There is a wrong perception regarding participating in multiple sports and specialization. For instance, some people believe that if you want to become a great athlete, you need to start training very young and in only one sport. That can’t be further from the truth. In reality, young children should be encouraged to try out multiple sports and pick the one they like the most. When children have a voice in whatever sport they will participate in, they grow more committed. As a result, the possibility of becoming successful also grows.

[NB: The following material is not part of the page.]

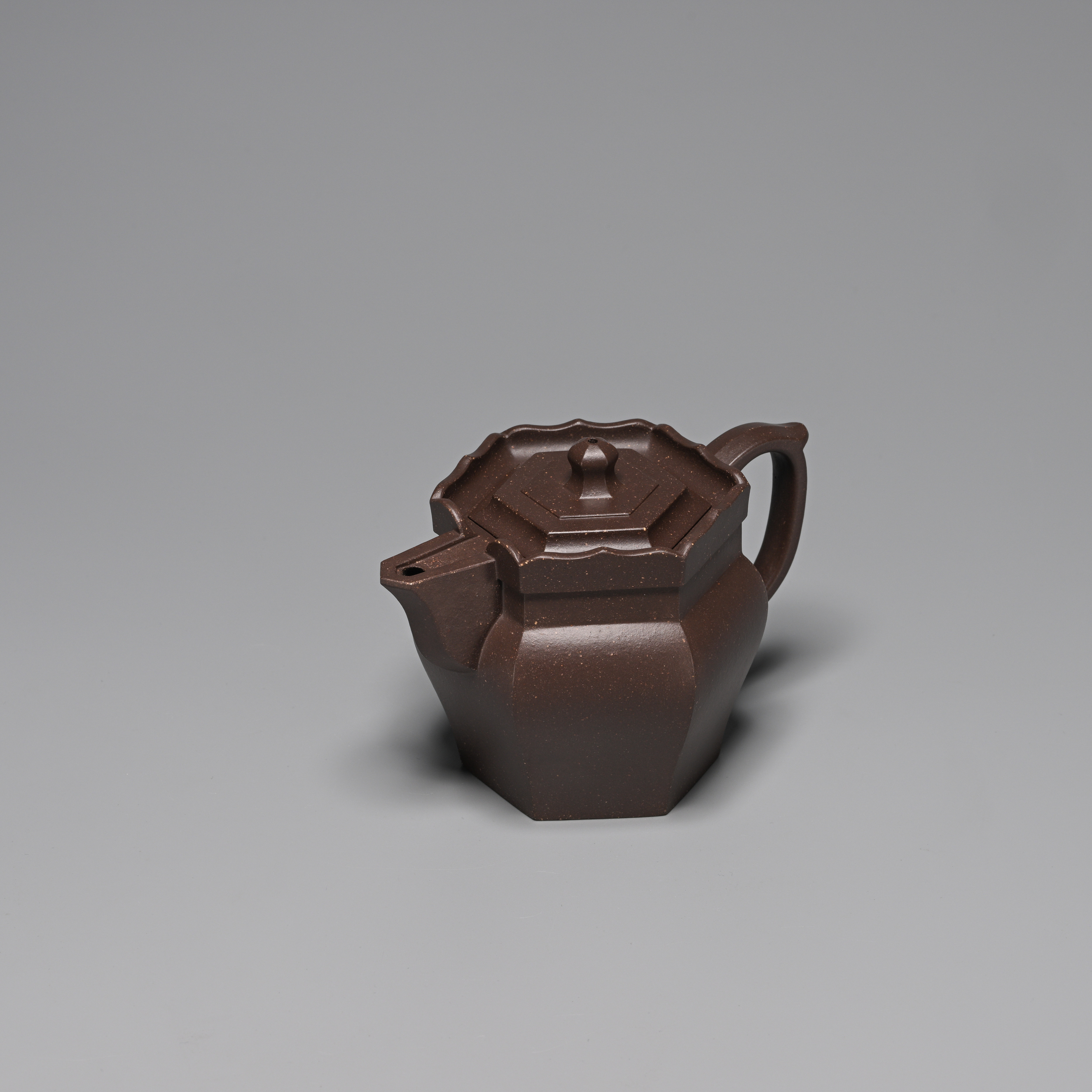 铁画轩全手工老块头天青泥紫砂壶260cc 稀雀·僧帽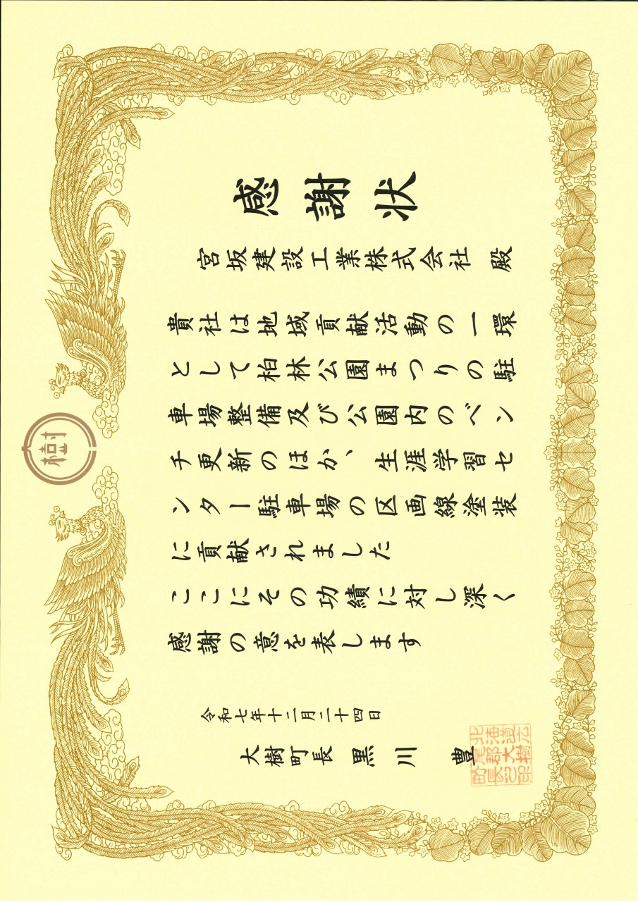 - 大樹町より感謝状②(12月度)

So, never pick a sport because you have to, but because you enjoy it. Also, try out as many sports as it takes until you find the one that suits you, and the results will start appearing soon enough.

5.   Take a break.

After each training session, your need to rest and recover. That is the way our bodies work. Unfortunately, many athletes don’t understand the importance of rest and tend to train too hard for too long. As a result, they reach burnout within a year. One of the ways to keep athlete burnout at bay is to recognize when you need to rest. After a marathon, for instance, or after a season, you should always take some time off to focus on relaxing and letting your body recover. So, put your training equipment away for the time being. For peace of mind, consider storing everything in a storage unit to keep your items safe while you aren’t using them. If you don’t want to stop training completely, you will still have access to the equipment whenever you need it. You only need to keep everything neat and nicely organized. If you aren’t exactly sure how to go about it, take the time to learn how to do it like a pro.

6.   Stay organized

Another way to avoid athlete burnout is to keep track of your performance and stay organized. For example, keep note of every aspect of each of your workouts, including distance, pace, and intensity, as well as heart rate, resistance, and fatigue levels. That way, you monitor your evolution and know if you can increase the duration or intensity or you should decrease it. Also, limit training to a maximum of 20 hours per week with an hour and a half per session, and take at least one or two days off weekly. This way, you can avoid ever reaching burnout.

Conclusion

For young athletes, burnout has become more and more of a worry. They are exhausted emotionally and physically, as well as apprehensive and demotivated. However, you can prevent athlete burnout with proper planning and awareness of your needs. Nourish your body with good food and water, get enough sleep, and take breaks from time to time. And, most importantly, try to have fun when playing the sport.